2014 Hangzhou bicycle tour day six – Traditional Chinese massage

After three days of cycling and my expensive morning lake cruise, I had the afternoon to fill. I thought I would get a traditional Chinese massage or Tuīná

I have never had Traditional Chinese Massage before and was interested and worried how it would go. I found a reputable looking establishment. My firstly challenge was trying to work out the price, as none of the staff could speak english except one desk people who could could say, foot, leg, neck, back and minutes in English and then pointed at a list that showed 100 yuan for 100 minutes. A good deal I thought especially as I was at the spa on the second floor of a plush hotel, Holiday Inn. 

First step was to put my feet into a wooden barrel with water that was way too hot, a little cold water later I was soon getting my first taste of painful muscle pinches. I should point out my masseuse was a slender young lady who seemed to have mechanical claws for hands, it was amazing how strong she was.

I was then asked to stand up and move from the relaxation chair to a stool so the shoulder massage could start. The problem was the wooden barrel was old or not designed for my massive westerner body weight and I felt a small crack. The barrel was lined with plastic so I hopped it would remain watertight, but it didn’t. 

After about a minute, my masseuse noticed a large pool of water spreading across the room including where my bag was. This was handy as it gave me an excuse to grab my bag and remove my camera for later taking a few pictures. Mopping and sweeping water into a bucket was fruitless, so I was moved to another room.

I would break down the actual massage into three areas, painful bordering on unbearable, uncomfortable, especially some of the positions I was pushed into, and nice. Basically in equal proportions. 

At one stage I was in a sort of head lock, except it was my shoulder and arms, and I was pushed and twisted. At another I had my arms pulled back with a knee in my back working down my spine with quite a bit of pressure.

I have very sensitive feet, for example I can’t stand the nibble fish massage/loose skin cleaning in Malaysia, so I was a bit unsure about the foot massage part. I only had a few involuntary foot jerks and only had to asked her to stop hurting my foot once. It is handy to know pain (tong) in Mandarin. I think I enjoyed the toe massage the best, it is amazing how small/targeted the massage was. The massage included foot cupping, this was in the uncomfortable area.

Foot cupping, it felt very uncomfortable


During the foot massage I was asked if I want the cream, 10 yuan, or oil, 40 yuan. I didn’t like having this unexpected extra price.

On leaving I discovered the price was actually 240 yuan, about $50 AU, there were two columns and 100 yuan was in the other column. I think I paid extra because I combined, neck, shoulder, back, leg and foot massage.
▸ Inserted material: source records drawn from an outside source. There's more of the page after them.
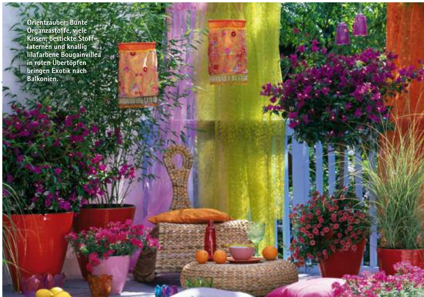
Orientzauber: Bunte Organzastoffe, viele Kissen, bestickte Stofflaternen und knallig lilafarbene Bougainvillea in roten Übertöpfen bringen Exotik nach Balkonien.
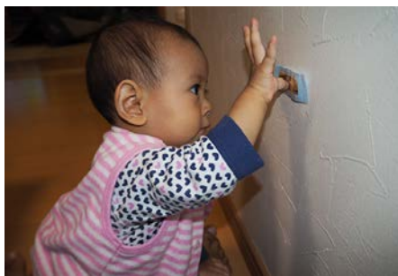
しってるもん (0歳9カ月)

流れる水を手で何回も握りしめては離して、「つかめないなあ」と難しい顔をしながら考えていました。
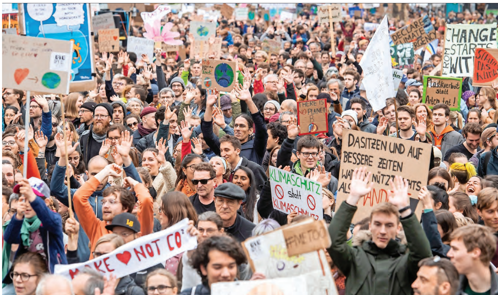
Klimademo in Zürich am 6. April: Es geht nicht um eine «übertriebene Forderung von übermütigen Jungen», sondern um Logik und Konsequenz.
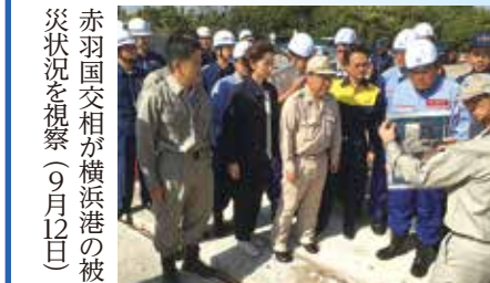
赤羽国交相が横浜港の被災状況を視察(9月12日)
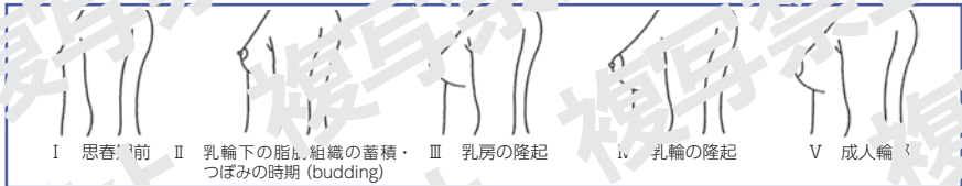
図 乳房の発達過程

Overall, an interesting experience that I think I will do again, not often, and maybe just leg and/or foot next time.

It had turned into an expensive day in comparison to the rest of my trip. I finished off my afternoon by going to an expensive western coffee/tea shop and ordered a green tea to have while I relaxed, rested and read. Coffee shops are often over priced and targeted at rich locals or westerners . I would have to wait a number of years before I found much more enjoyable local variations in Chengdu and Sichuan country towns.